Before moving to the validation section, we briefly consider the current state of the field in relation to practical application. The ability to measure tissue haemodynamics and haemodynamic responses to stimuli is important for many clinical and pre-clinical problems, including brain pathology and tumour detection/characterization. Diffuse optical tomographic (DOT) and spectroscopic (DOS/NIRS) methods have been demonstrated to measure tissue blood volume, blood oxygenation and changes thereof, in both research and clinical settings.
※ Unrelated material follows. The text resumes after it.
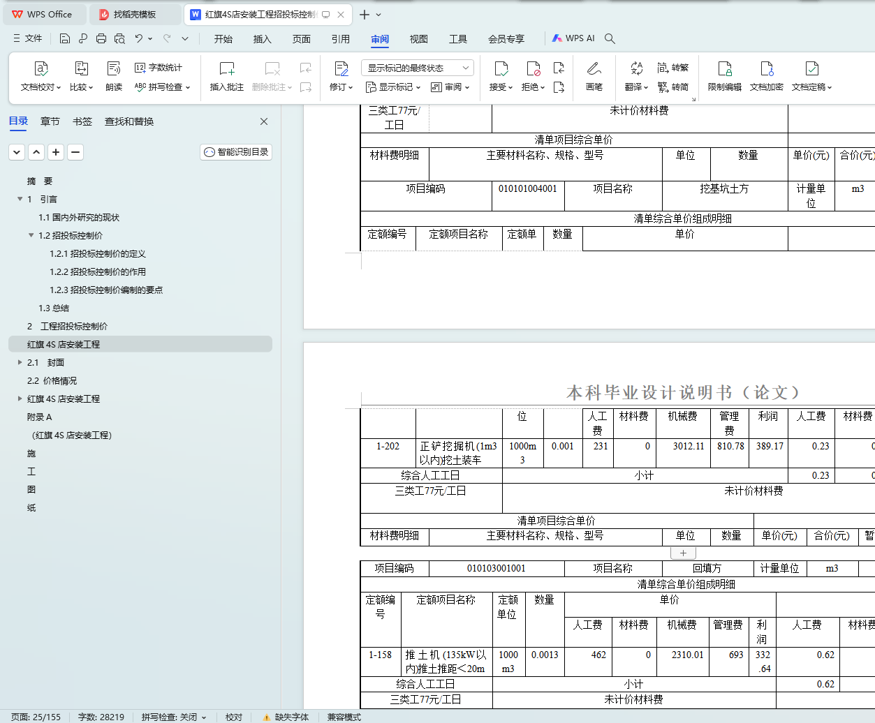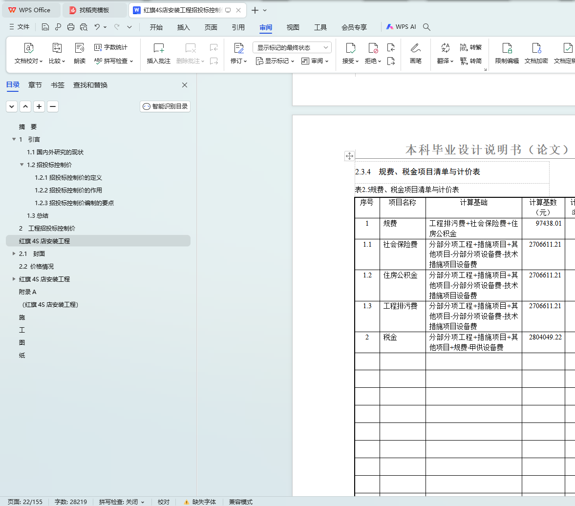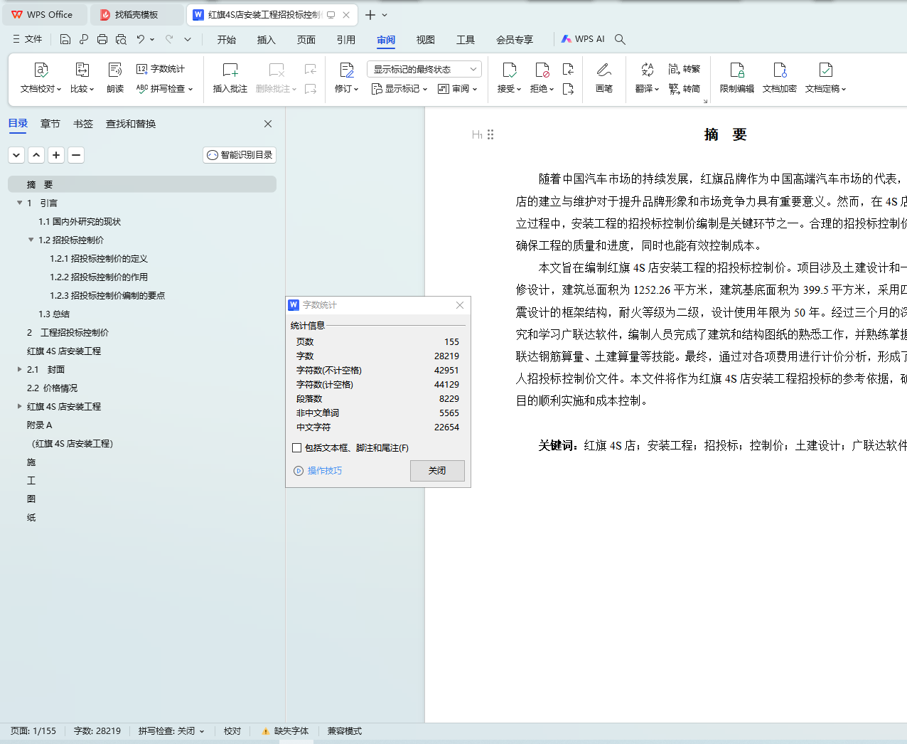 本文旨在编制红旗4S店安装工程的招投标控制价。项目涉及土建设计和一般装修设计,建筑总面积为1252.26平方米,建筑基底面积为399.5平方米,采用四级抗震设计的框架结构,耐火等级为二级,设计使用年限为50年。经过三个月的深入研究和学习广联达软件,编制人员完成了建筑和结构图纸的熟悉工作,并熟练掌握了广联达钢筋算量、土建算量等技能。最终,通过对各项费用进行计价分析,形成了招标人招投标控制价文件。本文件将作为红旗4S店安装工程招投标的参考依据,确保项目的顺利实施和成本控制。

In some cases, one can obtain information about blood flow with DOS, but this information is derived indirectly [
56,
57]. The development of DCS now enables clinicians to measure several haemodynamic parameters independently with non-invasive optical probes (i.e. haemoglobin concentrations by DOS/NIRS and
blood flow by DCS). This development opens up the possibility for monitoring
oxygen metabolism. Furthermore, even without the benefit of DOS/NIRS, DCS can provide important information about microvascular blood flow that is often of interest in its own right. Translation of DCS methods into the clinic holds potential for spectacular future pay-offs. Thus, although our microscopic understanding of tissue DCS signals is incomplete, it remains worthwhile to push forward to discover the physiological scenarios, wherein DCS can be used fruitfully.